- _Task instructions_:
Retype all data exactly as given. Pictures should not be retyped.

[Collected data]
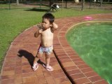 今回彼が一番楽しんだと思われるのはプールだった。ゴールドコーストでもサンシャインコーストでもプール付きの宿だったので、大いに楽しんでいた。天候不順でかなり気温が低かったが、プールに入りたいとおばあちゃんにせがんで、大喜びで遊んでいた。
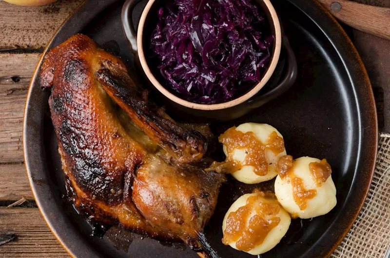 - Vila Fitz in Pilsen: the menu includes duck pâté in red wine, goose soup with homemade noodles and root vegetables, confit goose leg, red cabbage with cranberries and a pear tart with cloves and meringue for dessert.
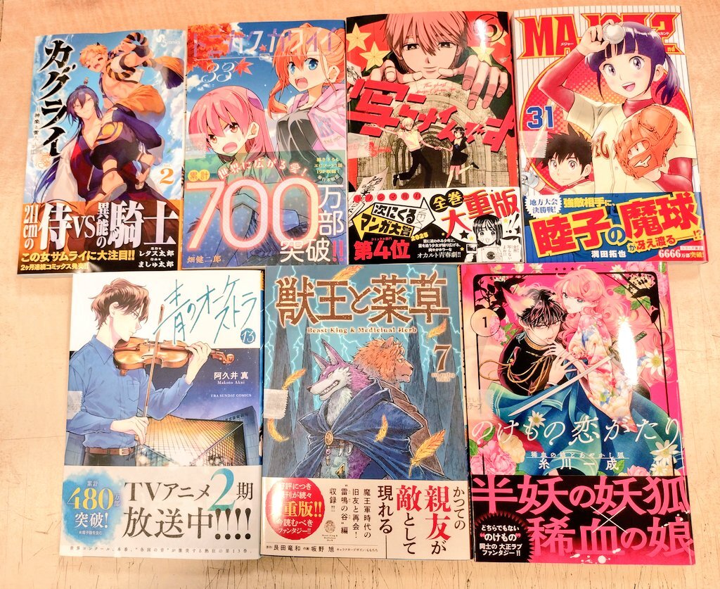 本日の新刊(大量)!『#キングダム』77巻、『#カモのネギには毒がある』12巻、『#こういうのがいい』11巻、『#シャングリラフロンティア』24巻、『#青のオーケストラ』13巻、『#写らナイんです 』6巻、『#MAJOR2nd』31巻、他多数! pic.x.com/S58k6THpCW
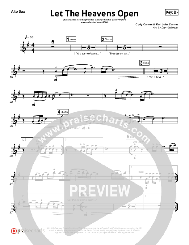 Download the AltoSax sheet music for Let The Heavens Open by Gateway Worship / Kari Jobe, from the album Walls. This song was arranged by Daniel Galbraith in the key of Bb, C.
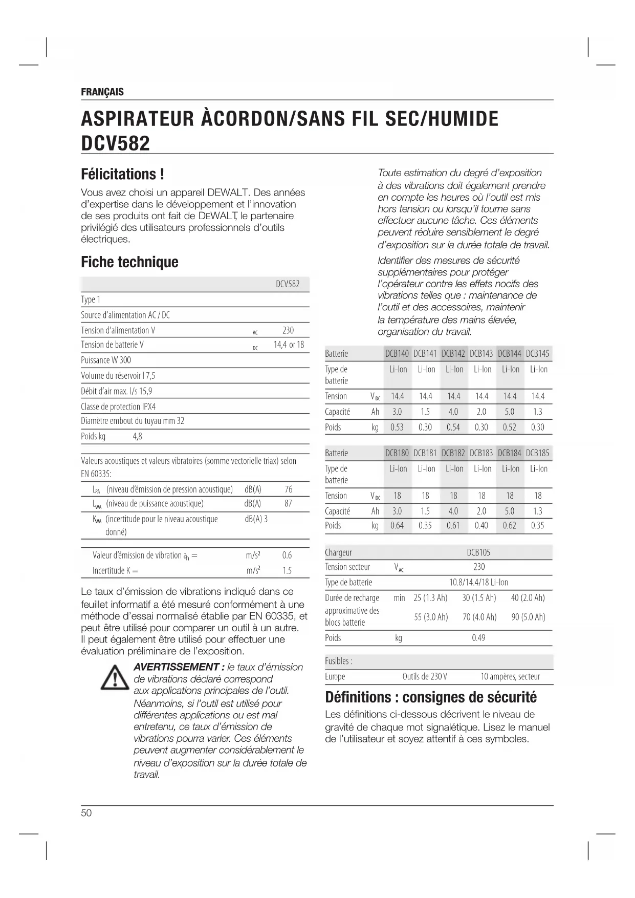 - Las batería de litio-ión son reciclables. Llévelas a su distribuidor o punto de reciclaje local. Los paquetes de batería recogidos serán reciclados o eliminados adecuadamente.50 Français Félicitations! Vous avez choisi un appareil DeWALT. Des années d’expertise dans le développement et l’innovation de ses produits ont fait de DeWALT , le partenaire privilégié des utilisateurs professionnels d’outils électriques. Fiche technique DCV582 Type 1 Source d’alimentation AC / DC Tension d’alimentation V
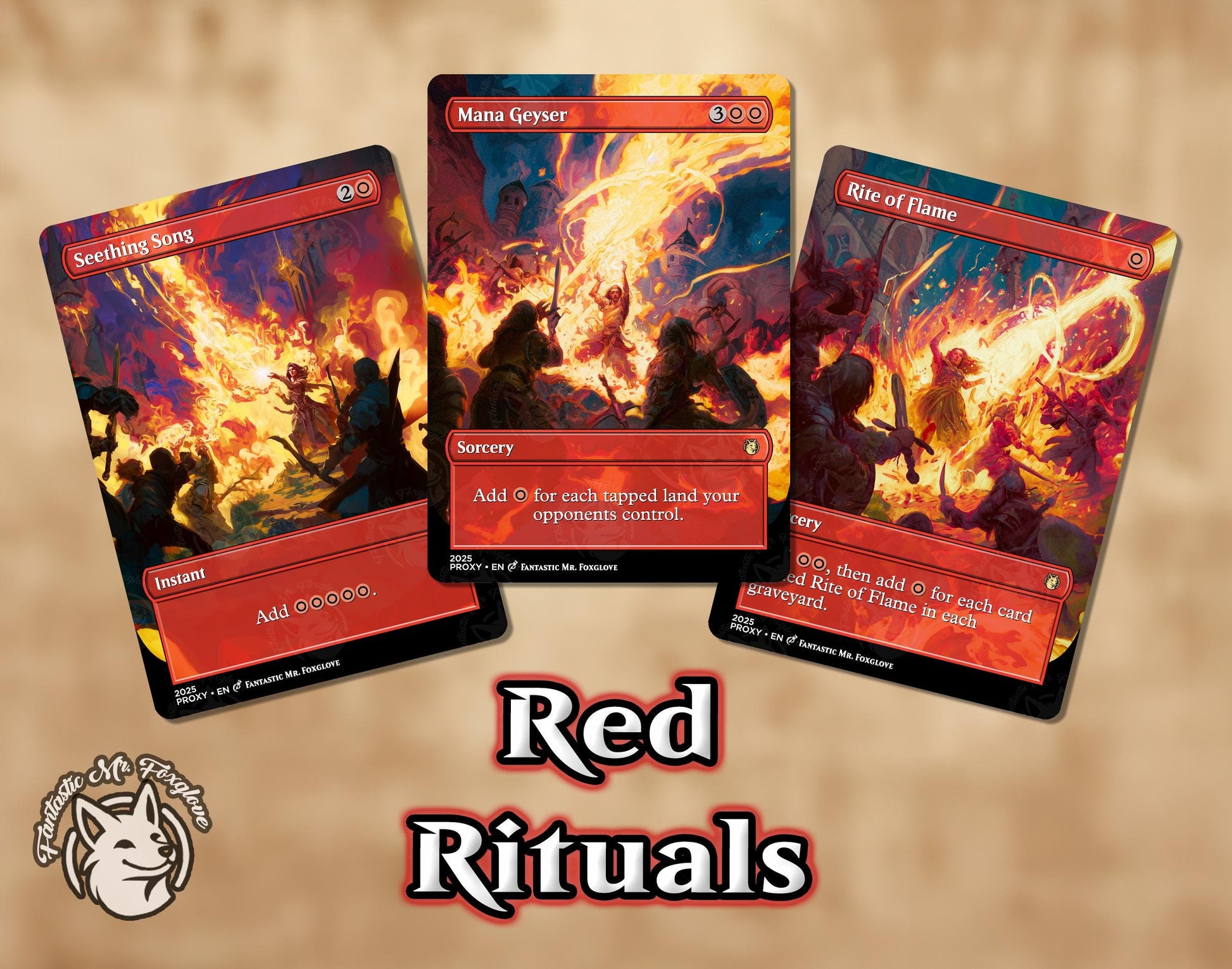 3 Red Rituals | Proxy Cards — Mana Geyser, Seething Song, Rite of Flame
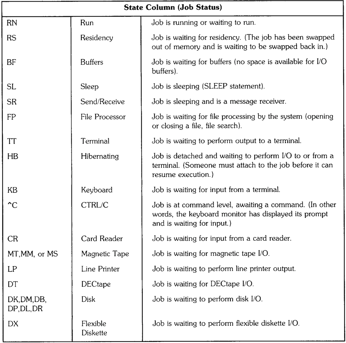 RSTS/E, another DEC operating system from the 1970's, eventually added Control-T and a larger breakdown of job states. This is from the RSTS/E System User's Guide, 1985, page 4-5:
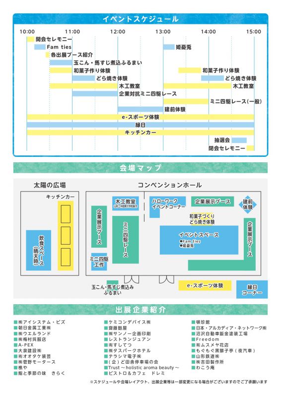 市内の製造業からサービス業まで、多彩な事業所が出展し、長井の魅力と可能性を紹介します。
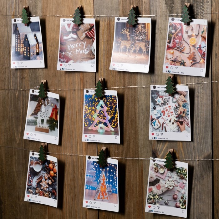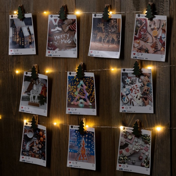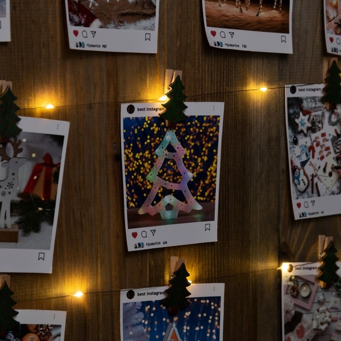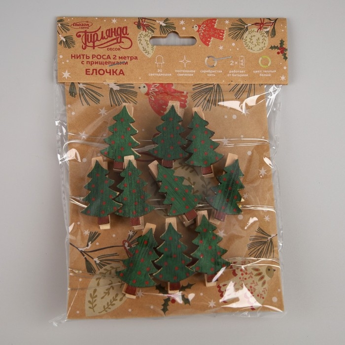 Гирлянда «Нить» 2 м роса с насадками «Прищепки-ёлочки», IP20, серебристая нить, 20 LED, батарейки ААх2 (не в комплекте), свечение тёплое белое

- _Expected answer_:
 今回彼が一番楽しんだと思われるのはプールだった。ゴールドコーストでもサンシャインコーストでもプール付きの宿だったので、大いに楽しんでいた。天候不順でかなり気温が低かったが、プールに入りたいとおばあちゃんにせがんで、大喜びで遊んでいた。
 - Vila Fitz in Pilsen: the menu includes duck pâté in red wine, goose soup with homemade noodles and root vegetables, confit goose leg, red cabbage with cranberries and a pear tart with cloves and meringue for dessert.
 本日の新刊(大量)!『#キングダム』77巻、『#カモのネギには毒がある』12巻、『#こういうのがいい』11巻、『#シャングリラフロンティア』24巻、『#青のオーケストラ』13巻、『#写らナイんです 』6巻、『#MAJOR2nd』31巻、他多数! pic.x.com/S58k6THpCW
 Download the AltoSax sheet music for Let The Heavens Open by Gateway Worship / Kari Jobe, from the album Walls. This song was arranged by Daniel Galbraith in the key of Bb, C.
 - Las batería de litio-ión son reciclables. Llévelas a su distribuidor o punto de reciclaje local. Los paquetes de batería recogidos serán reciclados o eliminados adecuadamente.50 Français Félicitations! Vous avez choisi un appareil DeWALT. Des années d’expertise dans le développement et l’innovation de ses produits ont fait de DeWALT , le partenaire privilégié des utilisateurs professionnels d’outils électriques. Fiche technique DCV582 Type 1 Source d’alimentation AC / DC Tension d’alimentation V
 3 Red Rituals | Proxy Cards — Mana Geyser, Seething Song, Rite of Flame
 RSTS/E, another DEC operating system from the 1970's, eventually added Control-T and a larger breakdown of job states. This is from the RSTS/E System User's Guide, 1985, page 4-5:
 市内の製造業からサービス業まで、多彩な事業所が出展し、長井の魅力と可能性を紹介します。
 Гирлянда «Нить» 2 м роса с насадками «Прищепки-ёлочки», IP20, серебристая нить, 20 LED, батарейки ААх2 (не в комплекте), свечение тёплое белое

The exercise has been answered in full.